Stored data
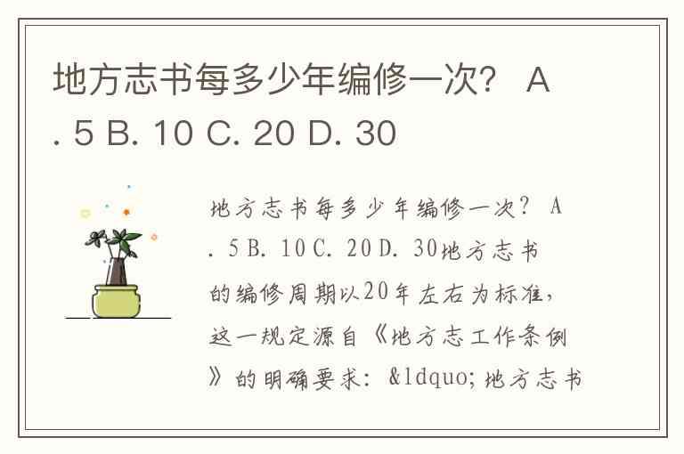 地方志书每多少年编修一次? A. 5 B. 10 C. 20 D. 30
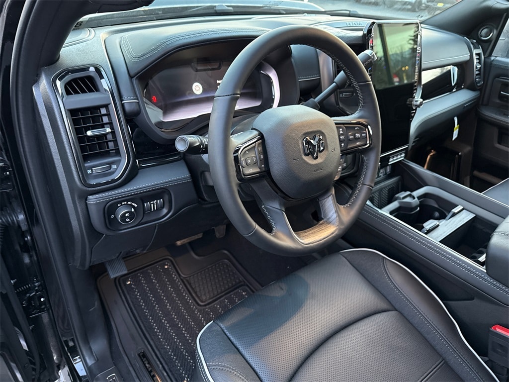 17 Speakers, 3.42 Axle Ratio, 4-Wheel Disc Brakes, 5th Wheel/Gooseneck Towing Prep Group, ABS brakes, Active Lane Management System, Adaptive Steering System, Adjustable pedals, Air Conditioning, Alloy wheels, AM/FM radio: SiriusXM with 360L, Anti-Spin Differential Rear Axle, Apple CarPlay/Android Auto, Audio memory, Auto High-beam Headlights, Auto-dimming door mirrors, Auto-dimming Rear-View mirror, Automatic temperature control, Black Exterior Truck Badging, Black Interior Accents, Black Limited Grille, Black Wheel Center Hub, Body Color Grille Surround, Bodyside moldings, Brake assist, Bumpers: body-color, Center Stop Lamp with Cargo View Camera, Cold Weather Group, Compass, Dash Pass Thru Wire Circuits, Delay-off headlights, Digital Rearview Mirror, Driver door bin, Driver vanity mirror, Drowsy Driver Detection, Dual front impact airbags, Dual front side impact airbags, Electronic Stability Control, Engine Block Heater, Front anti-roll bar, Front Bucket Seats, Front Center Armrest w/Storage, Front dual zone A/C, Front fog lights, Front License Plate Bracket, Front reading lights, Fully automatic headlights, Garage door transmitter, Genuine wood console insert, Genuine wood dashboard insert, Genuine wood door panel insert, harman/kardon® Speakers, Heated door mirrors, Heated front seats, Heated rear seats, Heated steering wheel, Illuminated entry, Instrument Panel Mounted Auxiliary Switches, Leather steering wheel, LED Bed Lighting, Limited Level 1 Equipment Group, Low tire pressure warning, Manufacturer's Statement of Origin, Memory seat, MOPAR Spray in Bedliner, MOPAR Winter Front Grille Cover, Navigation System, Night Edition, Occupant sensing airbag, Outside temperature display, Overhead airbag, Overhead console, Panic alarm, ParkView Rear Back-Up Camera, Passenger door bin, Passenger vanity mirror, Pedal memory, Pickup Box, Power Deployable Running Boards, Power door mirrors, Power driver seat, Power passenger seat, Power steering, Power Sunroof, Power windows, Quick Order Package 24M Limited, Radio data system, Radio: Uconnect 5 Nav with 14.4" Display, Rain sensing wipers, Rear anti-roll bar, Rear reading lights, Rear seat center armrest, Rear step bumper, Rear window defroster, Remote keyless entry, Security system, Speed control, Split folding rear seat, Sport Performance Hood, Steering wheel mounted audio controls, Surround View Camera System, Tachometer, Tilt steering wheel, Tow-Mode Camera (Wired), Tow-Mode Digital Rearview Mirror Package, Traction control, Traffic Sign Recognition, Trailer Reverse Guidance, Trailer Tire Pressure Monitoring System, Trip computer, Turn signal indicator mirrors, Ultra Premium Leather Seats, Variably intermittent wipers, Vendor Painted Cargo Box, Vendor Painted Cargo Box Tracking, Ventilated front seats, Voltmeter, Wheels: 20" x 8" Diamond Cut Aluminum, Wheels: 20" x 8" Night Edition Black Aluminum. Price includes: $1000 - 2026 National Bonus Cash . Exp. 02/02/2026
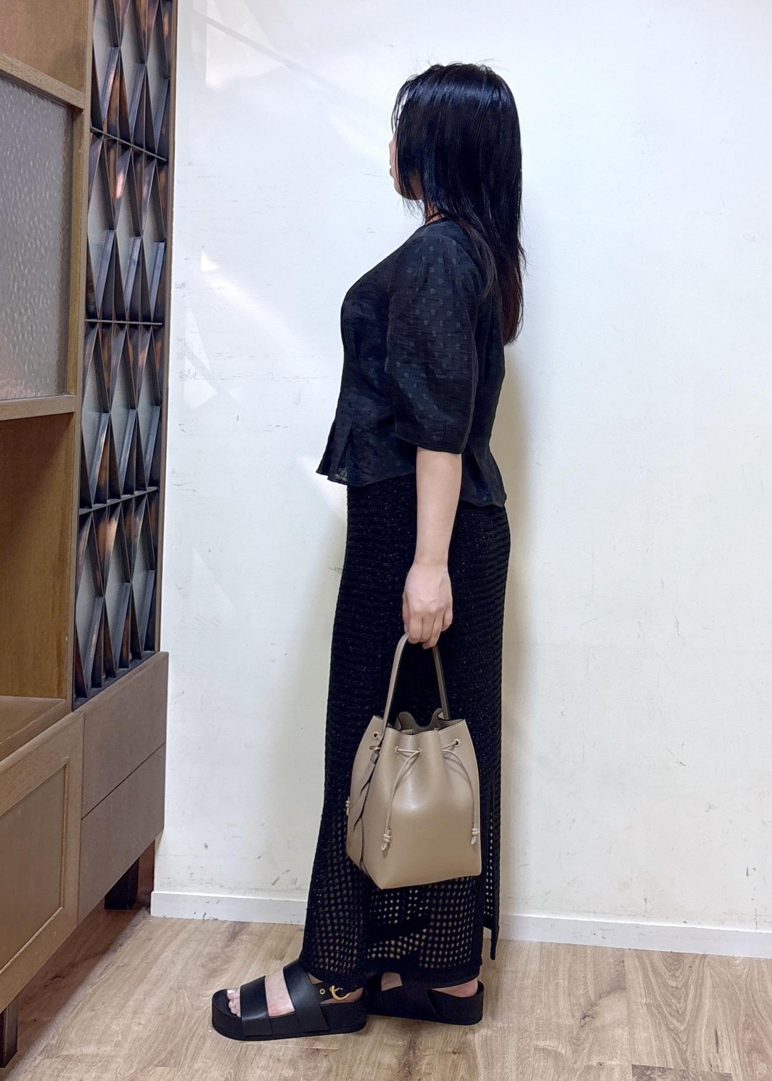 光沢感やシアー素材で軽やかなブラックコーディネート♪
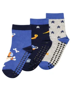 Skarpety chłopięce bawełniane długie z ABS kosmos 3-pak ❤️ Dlaczego je pokochasz: Przyjemna w dotyku, wysokogatunkowa bawełna Miękkie i przyjemne w dotyku – idealne dla delikatnej skóry dziecka Elastyczny ściągacz ABS – bezpieczne, antypoślizgowe Motyw kosmosu Chłopięca kolorystyka Praktyczny 3-pak – wygodne rozwiązanie na każdy dzień ✨ Dodaj odrobinę stylu do codziennych stylizacji! ✨ Zestaw 3 par długich skarpet chłopięcych z ABS w modnych kolorach: niebieskim, granatowym i szarym. Skarpety ozdobione są motywem kosmosu, który z pewnością spodoba się małym miłośnikom planet i rakiet. Na spodniej stronie znajduje się antypoślizgowa aplikacja w postaci kropek, która gwarantuje dobrą przyczepność do podłogi.
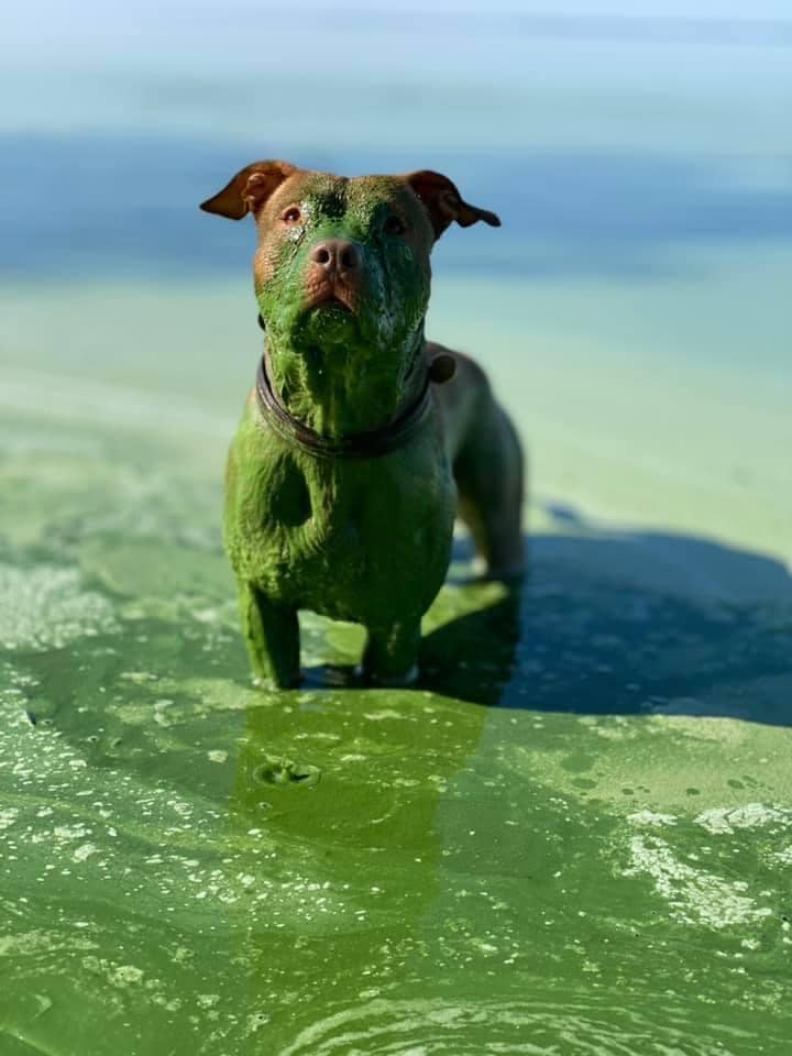 Сеть облетели фото рыжего пса, который после купания в Днепре "позеленел".
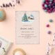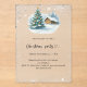 Invitations hivernales pour une fête de Noël. Un arrière - plan dépoli, décoré d'un arbre de Noël décoré d'eau dans la neige, d'une petite maison en bois et d'une parties scintillant étincelante. Personnalisez et ajoutez les détails de votre fête.
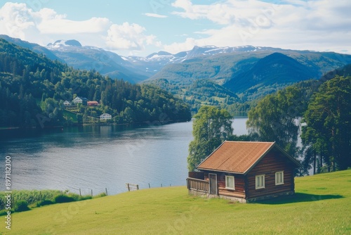 © ArtSpree, Naklejka premium Landscape with an old village house standing in a field with autumn-yellowed grasses against a cloudy sky. Rural area.. Beautiful simple AI generated image in 4K, unique.
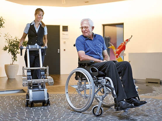 TK 100 – Treppenkuli jest sprawdzonym i nowoczesnym schodołazem gąsienicowym. Jego głównym przeznaczeniem jest transport osób poruszających się na wózkach inwalidzkich pomiędzy kondygnacjami budynków nieposiadających wind. Urządzenie jest bardzo uniwersalne, gdyż pasuje do prawie każdego rodzaju wózka. Dodatkowo cechuje się bardzo łatwą obsługą, posiada bowiem prosty i wygodny w użyciu system mocowania wózków inwalidzkich. Schodołaz ma kompaktowe, niewielkie wymiary, ale jednocześnie jego konstrukcja jest solidna i wytrzymała. Jego zasilanie jest elektryczne, dzięki czemu transport chorej osoby nie wymaga użycia dużej siły. Dzięki swojej konstrukcji schodołaz jest łatwy do składania i przewożenia nawet z mniejszych samochodach. Nie trzeba go w żaden sposób montować, więc jego użytkowanie nie wiąże się z koniecznością załatwiania żadnych zezwoleń budowlanych.
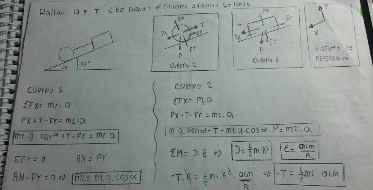 Bueno como ven eso fue lo que pude hacer porque despues nose como hacer para hallar la aceleracion ,y tambien lo de la suma de momentos = J.ε me confunde porque nose si en la suma de momento se toma tambien a la fuerza de rozamiento , yo solo puse la Tension , asi que por favor se que no acostumbran a responder dudas universittarias pero por favor al menos si pueden guiarme un poco, o en lo posible si me lo resuelven se los agradeceria de corazon
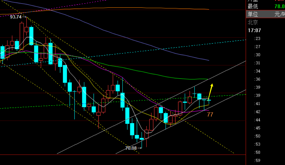 原油方面:昨日守住了日线中轨77一线,也是上行通道下轨处,收报一根长下影十字K,具备一定企稳信号,接下来则以中轨作为一定的短期拐点防守,看价格进一步的上冲,上轨预计会指向83-84一线; 从小时线级别看,早盘支撑中轨78.1进行反弹,但价格多次承压79,始终在反复测试通道反压一线,只有突破站上79强拉上行,才能进一步的推动去试探前高81;因此,当前的运行区间是关注78-79之间,看上下得失破位情况,78往下还有77.5 79往上有79.7,稍大些区间则是77.5-79.7之间,倾向于支撑看涨为主;
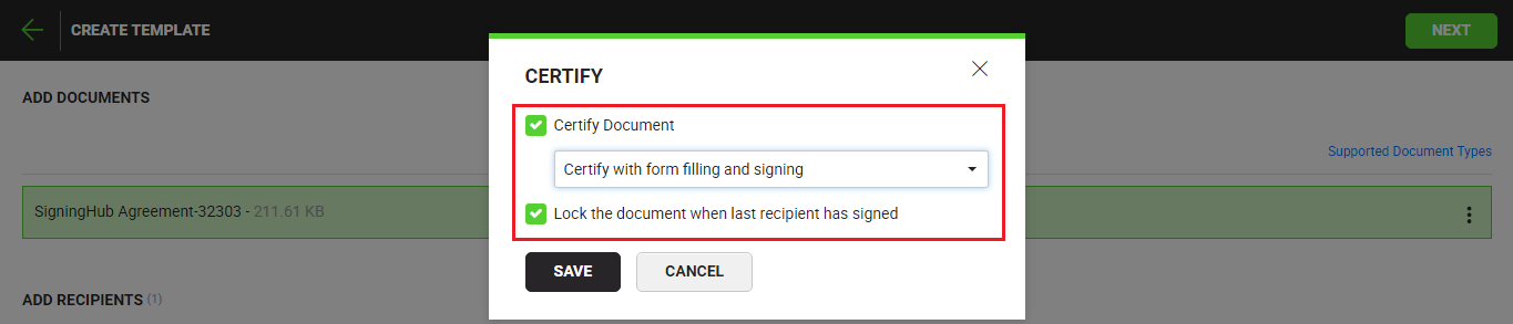 SigningHub lets you certify your digital signature. The certified signature is used to restrict the recipients to perform only the specific changes in a document, as system wont allow them to perform any other changes.
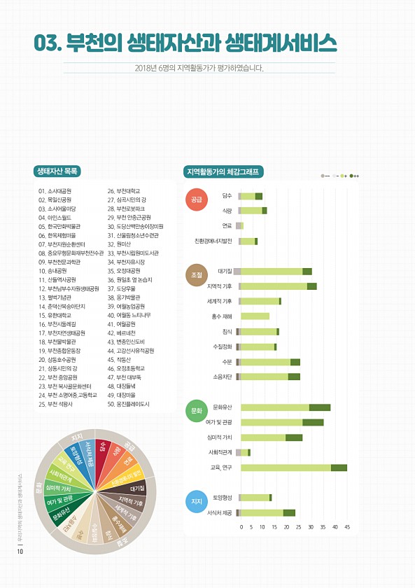 담수 서식처 제공 토양형성 교육 연구 사회적관계 심미적 가치 여가 및 관광 문화유산 소음차단 수분 수질정화 침식 홍수재해 세계적 기후 지역적 기후 대기질 친환경에너지 발전 연료 식량 공급 조절 문화 지지 지역활동가의 체감그래프 0 5 10 15 20 25 30 35 40 45 담수 식량 연료 친환경에너지발전 대기질 지역적 기후 세계적 기후 홍수 재해 침식 수질정화 수분 소음차단 문화유산 여가 및 관광 심미적 가치 사회적관계 교육, 연구 토양형성 서식처 제공 ●-- ●- ●+ ●++ 문화 공급 조절 지지 03. 부천의 생태자산과 생태계서비스 2018년 6명의 지역활동가가 평가하였습니다. 01. 소사대공원 02. 목일신공원 03. 소사어울마당 04. 아인스월드 05. 한국만화박물관 06. 한옥체험마을 07. 부...
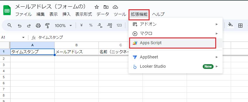 上のツールバーの【拡張機能】→【AppsScript】をクリックします。
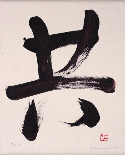 Here we see a work by Keido Fukushima, made with ink on paper. Fukushima's work beautifully demonstrates how the material qualities of ink and paper influence the overall aesthetic of the artwork. The ink, fluid and viscous, allows for a range of tonal variations and gestural marks. Applied with a brush, it creates strokes that vary in thickness and intensity. The texture of the paper also plays a crucial role, as its absorbency affects how the ink spreads and dries, creating subtle nuances in the lines and shapes. This piece reflects the rich tradition of East Asian calligraphy, where the act of writing is not just about conveying meaning but also about expressing the artist's spirit and energy. The tools and techniques are simple, but the level of skill and discipline required to master them is considerable. Such works invite us to look beyond the symbolic meaning and appreciate the deep connection between materials, process, and cultural expression. They blur the lines between craft and fine art, emphasizing the importance of skilled making.
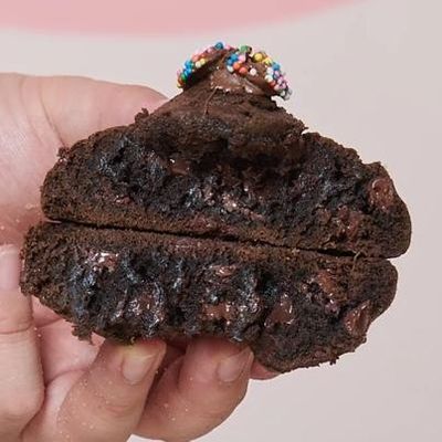 This overwhelmingly thick Brownie Cookie has more brownie than your memory of your Grandma's baking and it's even topped with a cheeky chocolate freckle for your enjoyment

→ Instructions for the task
Reproduce, exactly and only, the lines of the records above starting at the line with "Сеть облетели фото" and ending at the line with "in 4K, unique.", both included. Leave every picture out.

→ Task answer
 Сеть облетели фото рыжего пса, который после купания в Днепре "позеленел".
 Invitations hivernales pour une fête de Noël. Un arrière - plan dépoli, décoré d'un arbre de Noël décoré d'eau dans la neige, d'une petite maison en bois et d'une parties scintillant étincelante. Personnalisez et ajoutez les détails de votre fête.
 © ArtSpree, Naklejka premium Landscape with an old village house standing in a field with autumn-yellowed grasses against a cloudy sky. Rural area.. Beautiful simple AI generated image in 4K, unique.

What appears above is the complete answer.